Amr Moussa Two decades ago, Egypt tabled a bold vision of peace for the Middle East. Since that time, with the help of our friends, we have signed, led, negotiated, facilitated, brokered, corrected and supported many agreements to realise this vision. Today, we have no illusion about the difficulties that still lie ahead or about the indispensable requisites for a just and comprehensive peace.

The time has come for a new vision for the Middle East. It is always difficult to predict the future, for it often surprises us. Still, opportunities to rethink, reshape, and even recreate the Middle East from many perspectives demand our attention. A large opening for creative action is appearing before us -- an opening that necessarily requires bold leadership. Today, there are more questions than answers, but it is in asking these questions that we can prepare the ground for this new vision.

We cannot address this vision fruitfully, however, without looking at the current prospects of the peace process. A just and comprehensive resolution to the 50-year-long Arab-Israeli conflict could usher in a new era of interaction in the Middle East.

As I look at the prospects for the peace process at this stage, I see two elements that are distinct yet interrelated: "peace", and the "process of peace". Peace is a state of being; the process is a mechanism by which the region can reach this state.

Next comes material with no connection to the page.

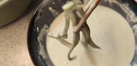 2. 往里面倒入适量的水,边倒边搅拌,直到成糊状。然后加少许食用油,再次用筷子搅拌均匀,放置备用。把洗好的香椿夹入面糊中,让香椿表面都裹上面糊。

As we approach what we hope will be the final chapter of the Arab-Israeli conflict, we must ask ourselves some obvious questions. How can we ensure that the "process" will truly lead to the state of "peace" in the Middle East? Will a successful conclusion to the "process" be our last hope -- significant as it may be -- or will it be a step that needs to be followed by others on the road to higher levels of "regional normalcy"? Moreover, is the "process" the only avenue to "peace and stability" in the Middle East as a whole, or are there other avenues that need to be explored?

We need to look into the future and ask ourselves: What next? What are the requirements for "peace" through and beyond the "process"?

The "process" -- the mechanism -- has been in place since the Madrid peace conference of 1991. Its terms of reference are clear: Security Council Resolutions 242 and 338; the principle of land for peace; addressing the legitimate rights of the Palestinian people; and the right of all the Middle East states, Israel included, to live within secure and recognised boarders.

The "process" has also a code of conduct for its parties to abide by. This code has been elaborated on the basis of the fact that Arabs and Israelis live together in one region, and that their security can be ensured only through just and fair agreements. Therefore, the parties to this "process" must act in a spirit of partnership and confidence. They need to show mutual respect and recognise their common interests. The parties should not think of their "process" as a zero-sum game.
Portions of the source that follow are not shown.